Bourdain llegó a ese trabajo, como lavaplatos en un restaurante de Provincetown, Massachusetts, a los 19 años. Estaba decidido a vivir una vida de rebeldía desordenada y autodestructiva, y encontró a su tribu. Pero cuando publicó su libro Kitchen Confidential en el año 2000, un cuarto de siglo después, consolidó la filosofía de esa tribu culinaria y atrajo a un grupo cada vez mayor de chefs que, si no eran ya como él, estaban dispuestos a morir en el intento.
Sin embargo, esa ira, como todo en Bourdain, no era real; era una actuación, un juego. Una vez se comparó con el chef Eric Ripert , diciendo que ambos tenían una actitud de «vive y deja vivir», pero Ripert «cree en el karma… yo creo en la venganza». Esa ira legendaria nunca sonó del todo real.
Bourdain en Nueva York, 2002. Fotografía: Chris Floyd/CAMERA PRESS
Kitchen Confidential comienza con Bourdain viajando por Francia de niño con su hermano y sus adinerados padres estadounidenses de ascendencia y cultura europea. Se comporta como un cretino con su familia, sin motivo aparente, y también con los niños franceses, antes de regresar a Estados Unidos para ser un imbécil con sus compañeros de piso y novias en su universidad privada de artes liberales (Vassar), antes de abandonarla. Todavía es adolescente en 1975, cuando acepta ese trabajo de poca monta en Provincetown. Allí, es un pececillo entre auténticos tiburones de la delincuencia: un chef podía preparar un servicio improvisado para una fiesta posterior a una boda de cien personas, y luego golpear a la novia contra los cubos de basura. El personal conseguía drogas de las que nunca habías oído hablar, y drogas que nunca habrías necesitado si no hubieras consumido todas esas otras drogas.

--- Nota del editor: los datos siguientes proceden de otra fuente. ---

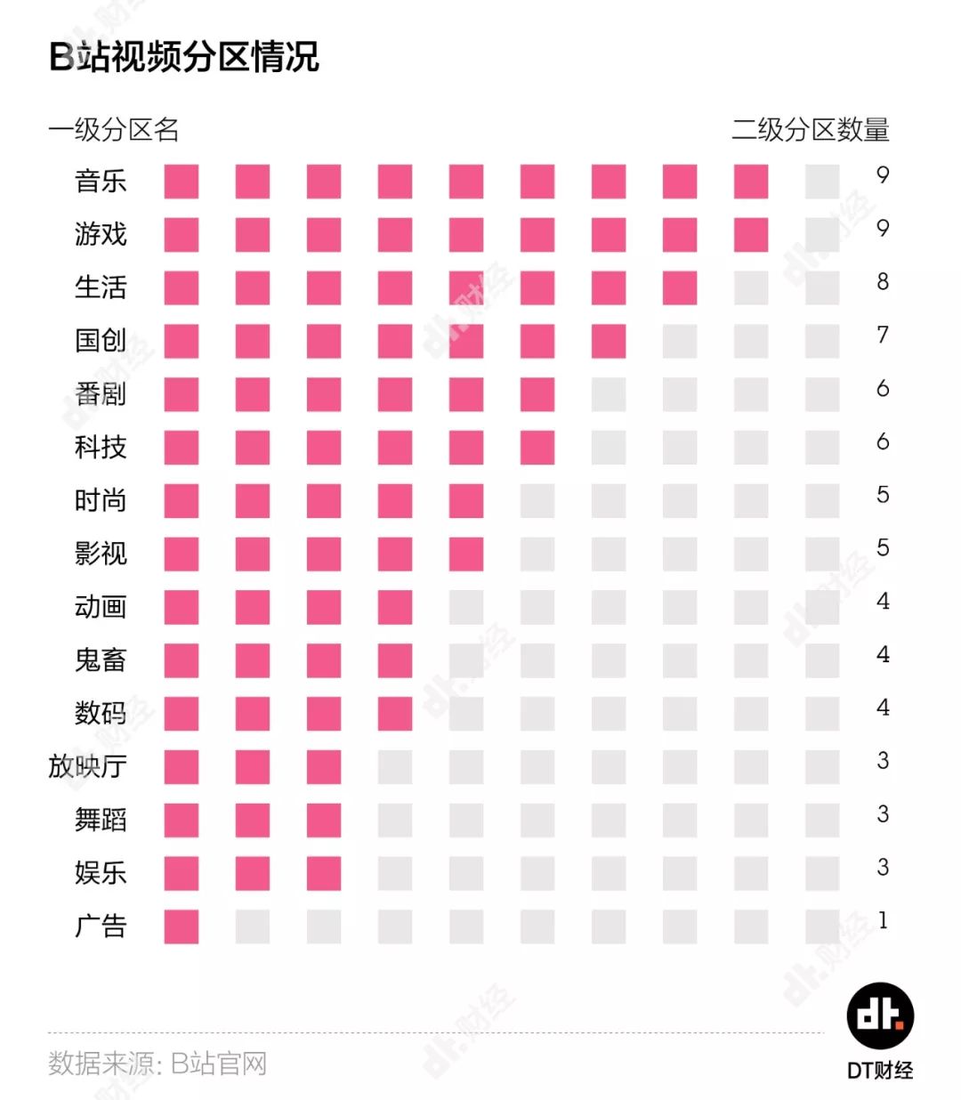 从比较独特的内容分区,大致能分辨出B站运营者的趣味导向。与优爱腾很不一样,B站的内容以原创自制(后称UGC)为主,15个分区中,有12个是UP主自制视频区。

En esa cocina, Bourdain encuentra su hogar espiritual, «una subcultura cuya jerarquía militarista centenaria y su ética de "ron, sodomía y látigo" crean una mezcla de orden inquebrantable y caos que te deja sin aliento», escribió en Kitchen Confidential. Ese libro, recuerda la periodista, escritora de libros de cocina y cocinera Diana Henry, de 63 años, describía «un mundo que desconocíamos por completo, y de repente lo comprendimos». (Henry realizó, en mi opinión, la mejor entrevista de la última etapa de Bourdain , dos años antes de su muerte).

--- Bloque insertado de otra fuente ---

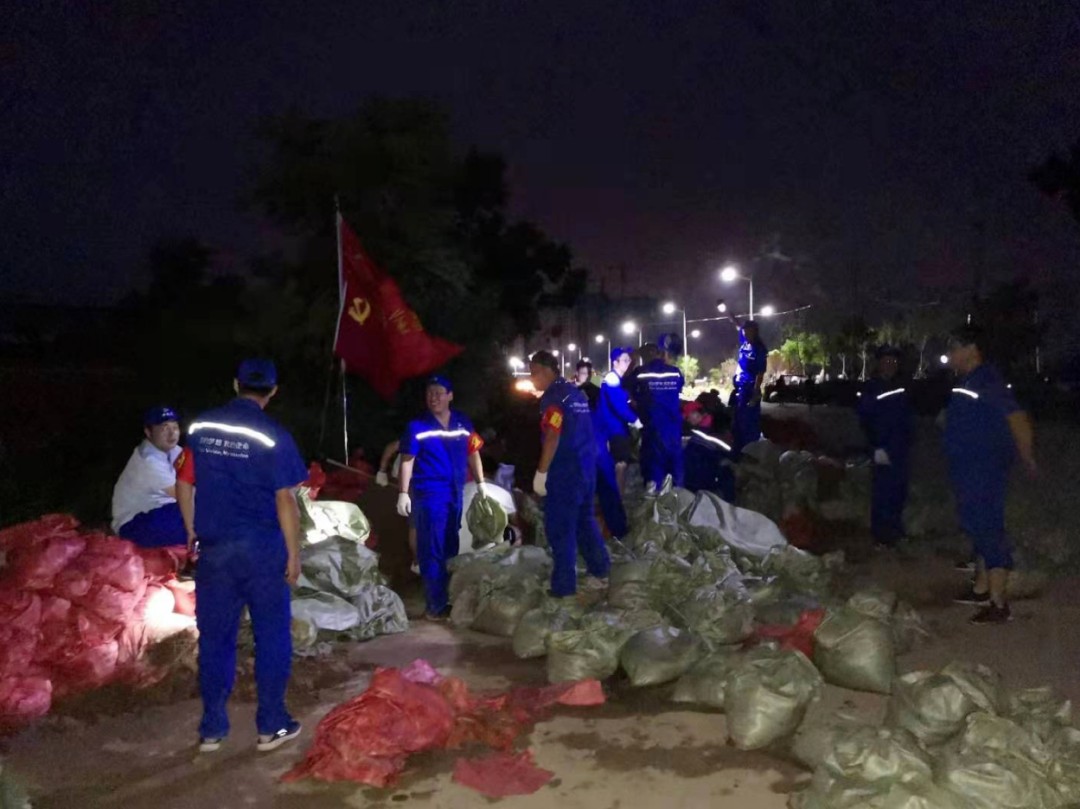 2021年7月28日下午2時,銀金達抗洪救災志愿者奔赴七里鋪至衛共橋筑壩現場,參加修筑攔洪堤壩,一直戰斗到深夜九時。

Bourdain describió su misión culinaria: “Tu cuerpo no es un templo, es un parque de atracciones. Disfruta del viaje”. En sus escritos, como en su cocina, priorizaba el ritmo y la intensidad sobre la elegancia y la sofisticación. Las relaciones en este sistema de brigada eran estrechas y mordaces. “Como forma de arte, la charla culinaria, al igual que el haiku o el kabuki, se define por reglas establecidas”, escribió. “Todos los comentarios deben, por necesidad histórica, referirse a la penetración rectal involuntaria, el tamaño del pene, los defectos físicos o las manías o defectos molestos”. Entre las drogas, el sexo, las noches en vela, los imperativos contradictorios y vertiginosos de disciplina y autocomplacencia, el desprecio por el autocuidado y los chistes sobre penes, este era un ideal definitoriamente masculino, y no por una razón tan infantil como la de que necesitarías un pene para mojarlo en la vichyssoise de alguien. No existe un modelo femenino que represente la belleza, el consumo de drogas y, al mismo tiempo, un éxito rotundo en el trabajo: las mujeres en este ámbito (por mencionar solo algunas, Nancy Spungen y Amy Winehouse) acaban muertas.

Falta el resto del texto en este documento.